Familial Frontiers
Curated by Tom Koren
Artists: Corinne Kitzis, Helia Chitsazan, Ira Eduardovna, Maria Mavropoulou, Shasha Dothan
February 21 - February 28, 2024
CP Projects Space at the School of Visual Arts is pleased to present Familial Frontiers, curated by MA Curatorial Practice student Tom Koren. Taking the notion of the classic family portrait and myths of the ideal home as its starting point, this exhibition aims to explore how domestic dynamics are shaped by overarching social, political, and historical realities, and to what extent these conflicted contexts can be revealed through family archives and self-documentation. The works exhibited complicate traditional forms of the family portrait by bringing these issues to the forefront, creating alternative portraits that are turned inside out, in an attempt to reveal what is often concealed.

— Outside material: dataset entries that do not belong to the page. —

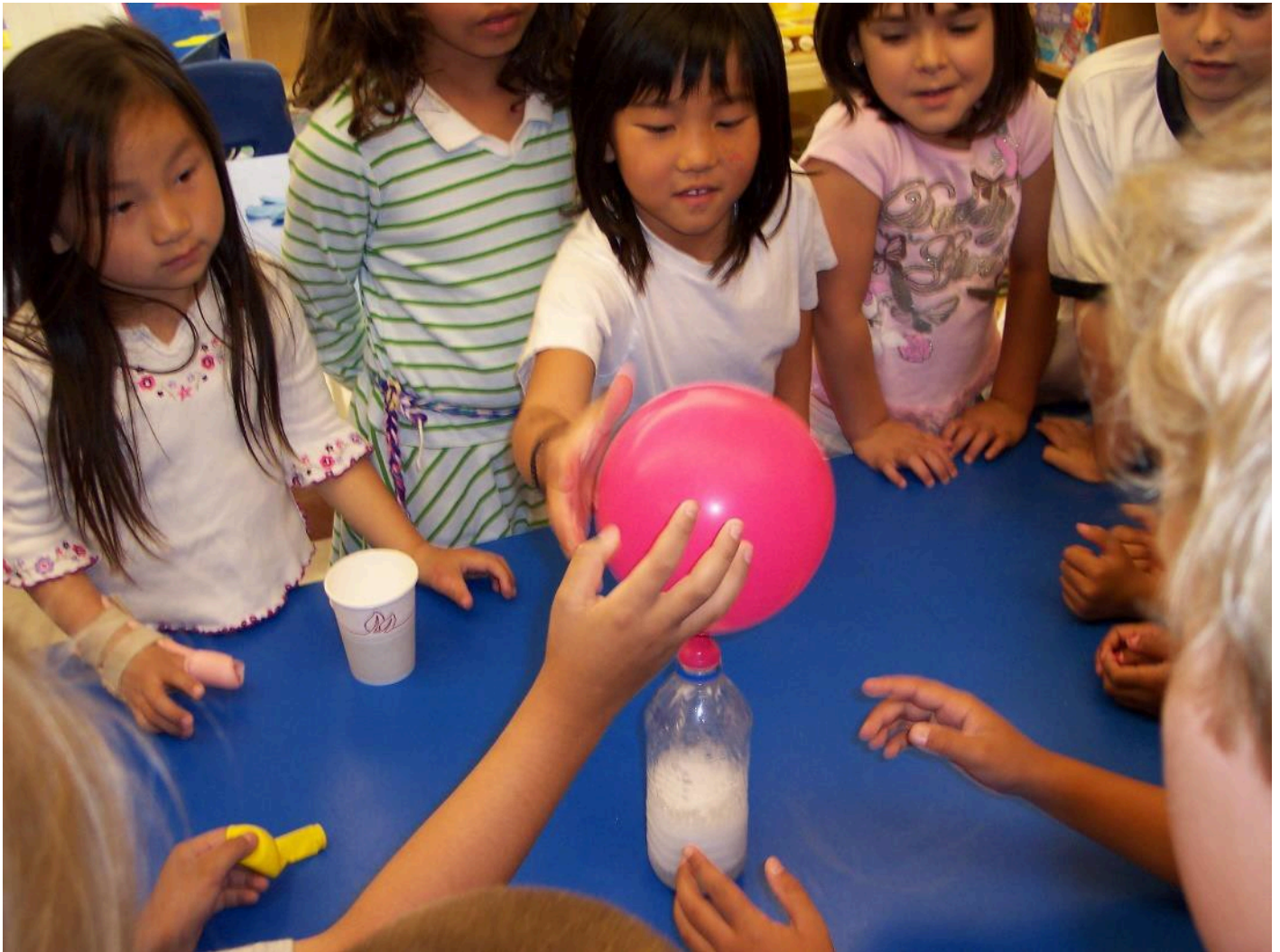
untitled photo licensed under Creative Commons CC BY by Seattle Parks and Recreation, taken November 30, 2003, from Flickr

When a classroom emphasizes play, educators ensure that learning occurs by creating an environment that encourages the development of vital skills. Teachers should also provide times in the day for the children to gather as large- or small-groups to engage in activities planned by the teacher. While the adult will guide students more during group instruction, the activities planned should be playful in nature and should incorporate opportunities for the children to make choices.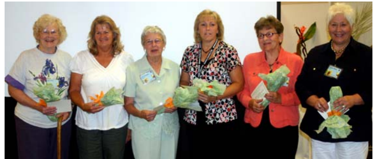
Regional Outstanding Amateur Gardeners

Each winner received a soil knife and a certificate.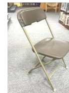
(8) Metal chairs,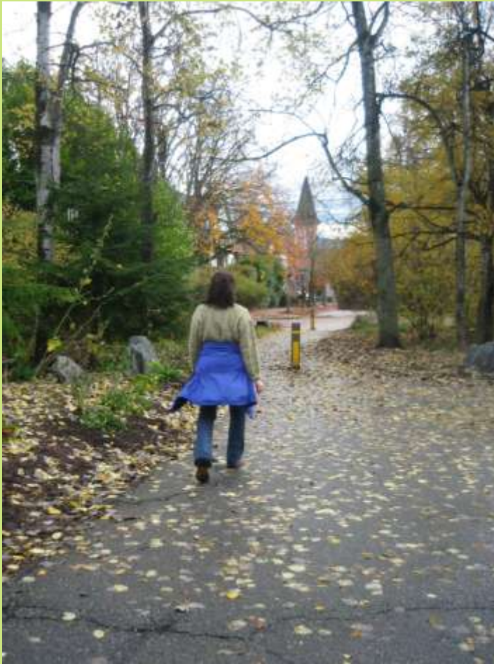
Old Village Trail

Helia Chitsazan’s paintings and video installation focus on the familial gaze as an indicator of alienation within togetherness, while also exploring the domestic sphere as a veil of protection from contested political realities. Ira Eduardovna’s video metaphorically emphasizes the destabilizing effects immigration can have on the fragile infrastructure of the family home. Shasha Dothan uses autobiographical videos as self-reflexive interrogations of national identity as it is crafted and passed down through ancestral lineages and inherited traumas. Maria Mavropoulou’s digital images reveal how technology can infiltrate and disturb domestic intimacies but can also be used as a tool for reimagining lost family archives. The opening reception will feature a special screening of Corinne Kitzis’ short documentary My Mother and I, which touches the exposed nerve of mother-daughter tensions by confronting them from a gendered, inter-generational perspective and laying them bare with heart-wrenching honesty.
As a practice made up of both universal and highly particular qualities, this glimpse into various depictions of disrupted domesticities invites viewers to think about the ways their own familial structures are informed by external circumstances, and how this is manifested (or obscured) in their family self-representations.